Give again, exactly as written, the lines of the records below from the line with "LARGE LOT OF RECYCLE BINS AND GARBAGE CANS" to the line with "We went up to". Both end lines count; pictures do not.
[Study material Boundary: Start]
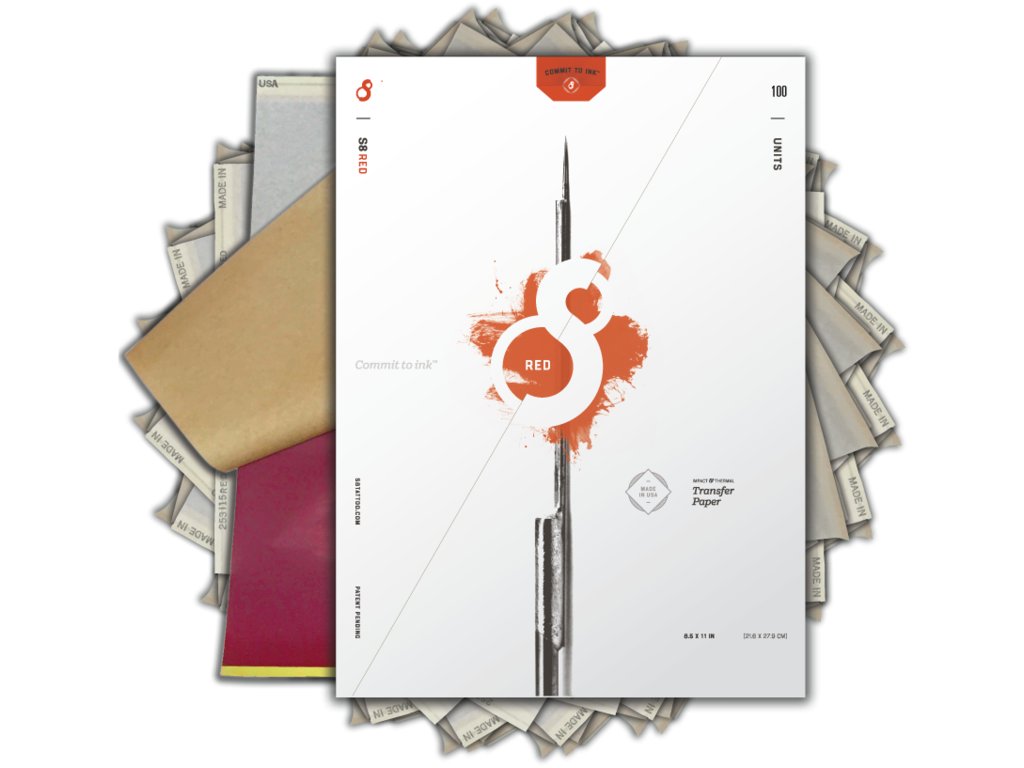 První červeně barvící kopírovací papír na světě Červená barva ideální pro linkování FD&C a D&C schválené složení barev, které je bezpečné a určené pro všechny typy pokožky Vhodná pro termotiskárny, kopírky a tiskárny Obtisk vydrží dlouho na kůži Kompatibilní se všemi produkty S8 RED Nothing short of revolutionary: S8's RED Stencil Paper is the world’s first impact and thermal ready red colored tattooing stencil paper. For years, tattoo artists have intuitively known that red is the ideal stenciling color for light skin tones thanks to the fact that red provides greatest degree of visual separation when black-lining. However, stencil paper manufacturers have been unable to produce a thermal machine-ready red paper. Until now. A patent-pending blend of FD&C and D&C approved red colorants that are safe and approved for use on all skin types and mineral and vegetable waxes means unparalleled tattoo stencil performance. When used with other S8 products -like the RED Stencil Transfer Gel and RED Tattooing Gel- RED Stencils will last longer than all competitors. And thanks to S8's system minded approach, RED doesn’t smear, smudge or wipe away until you want it to. The 100 unit box is designed for large shops and hard-working artists. Our largest sized box has great value and helps shop managers, artists, and owners track supply levels. This box lays flat for easy storage near the printer or Thermofax, and protects paper when not in use. MADE IN THE USA PATENT PENDING VEGAN
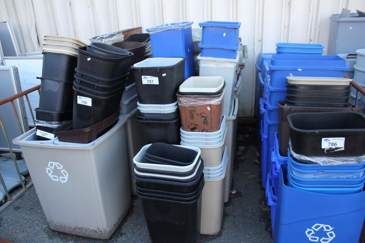 LARGE LOT OF RECYCLE BINS AND GARBAGE CANS
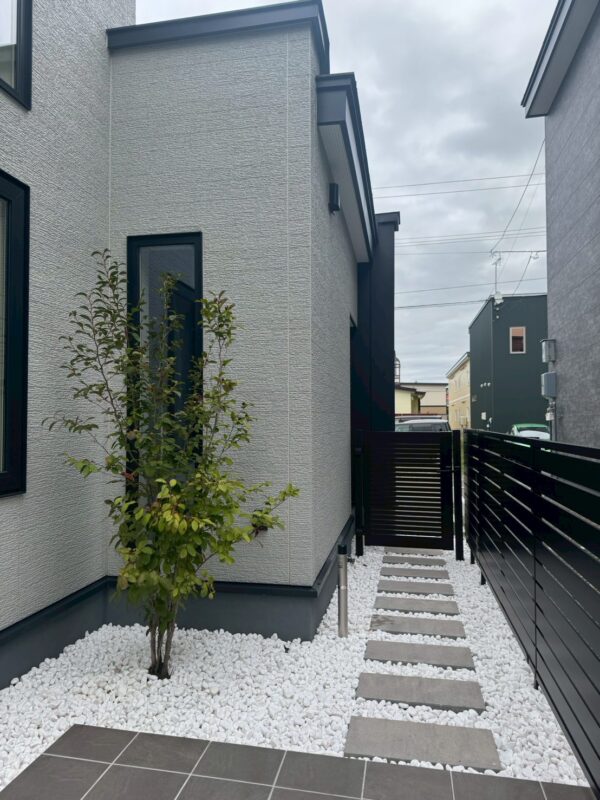 シックな色味のロータイルテラスに白砂利が映え目を惹くお庭です。
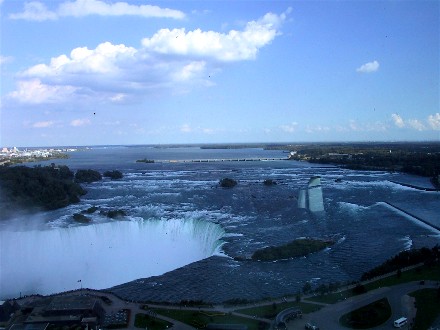 We went up to the top of a hotel tower for a view and took a couple pictures before we found out we had to come back later due to a wedding. You can just see one of the Maid in a Mist boats going up to the falls:
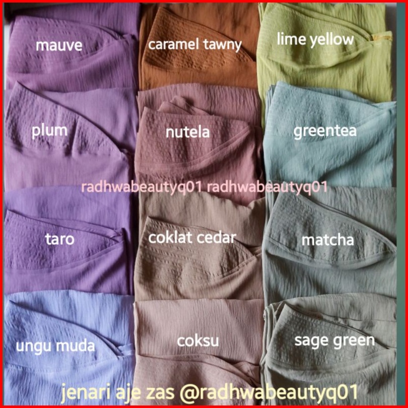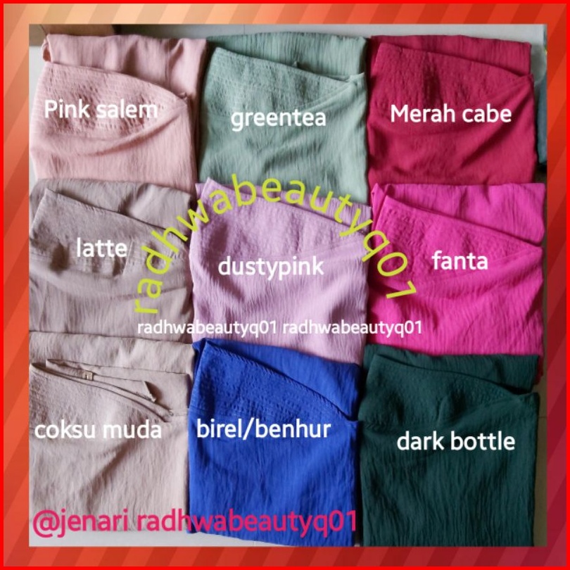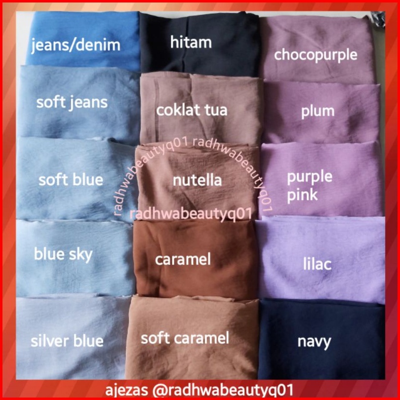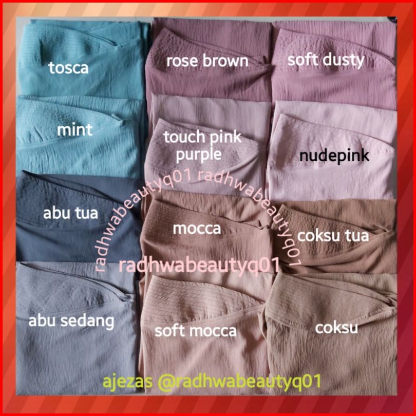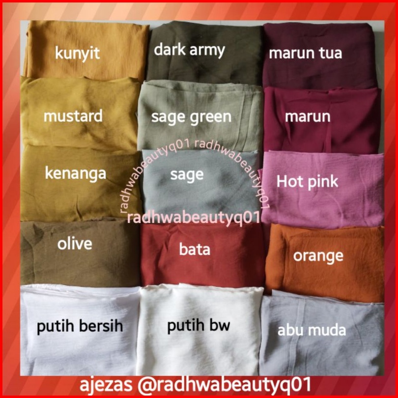 HITAM, NAVY, BOTOL TUA, SOFT MILO, NUDEPINK, CARAMEL, MILO, UNGU TUA, MARUN, GREENTEA, BABY PINK, PEACH, CHOCO PEACH, MERAH CABE/BENDERA, PURPLE, KUNYIT, JEANS, HIJAU TOSCA, OLIVE TUA, SOFT PINK, KENANGA, FANTA, NAVY GELAP, MARUN TUA /BURGUNDY, KHAKI, HIJAU BOTOL, DUSTYPINK, ABU, SOFT DUSTYPURPLE, PUTIH BW, PUTIH BERSIH, SILVER, COKLAT TUA, PINK SALEM, DARK ARMY, CHOCOPURPLE ON FOTO, BABY BLUE, GUAVA, ABU GELAP, CHOCOPURPLE VIDIO, ARMY, CREAM, ORANGE, DUSTY GREEN, COKLAT KOPI, TOSCA TUA, HIJAU PUPUS, MERAH HATI, SAGE GREEN, BIREL/BENHUR
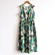 Jiyuan春夏新品时尚休闲无袖棉麻花色松紧收腰系带连衣裙长裙女潮
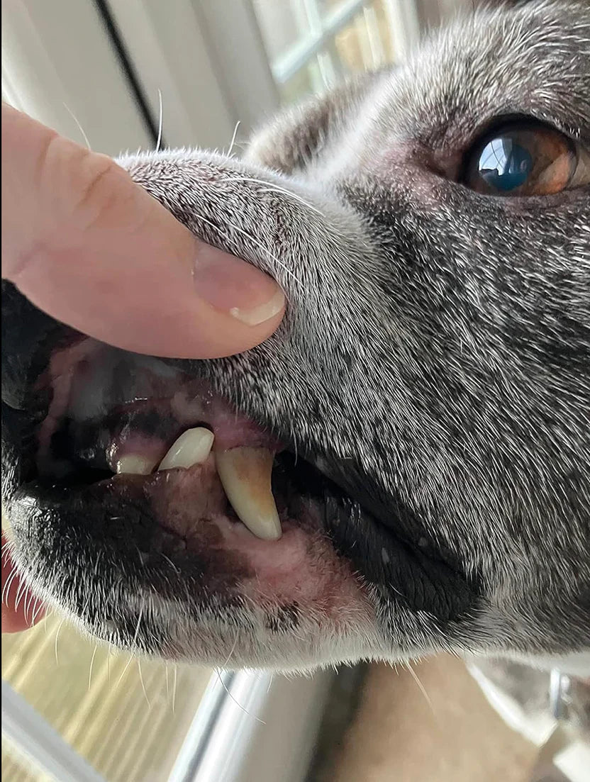 אבנית ופלאק הם לא רק עניין של מראה – הם מלאים בחיידקים שעלולים לגרום לדלקות חניכיים, כאבים, ריח רע, ואפילו לפגוע בבריאות הכללית של הכלב.
[Study material Boundary: End]
- **Expected answer**
 LARGE LOT OF RECYCLE BINS AND GARBAGE CANS
 シックな色味のロータイルテラスに白砂利が映え目を惹くお庭です。
 We went up to the top of a hotel tower for a view and took a couple pictures before we found out we had to come back later due to a wedding. You can just see one of the Maid in a Mist boats going up to the falls:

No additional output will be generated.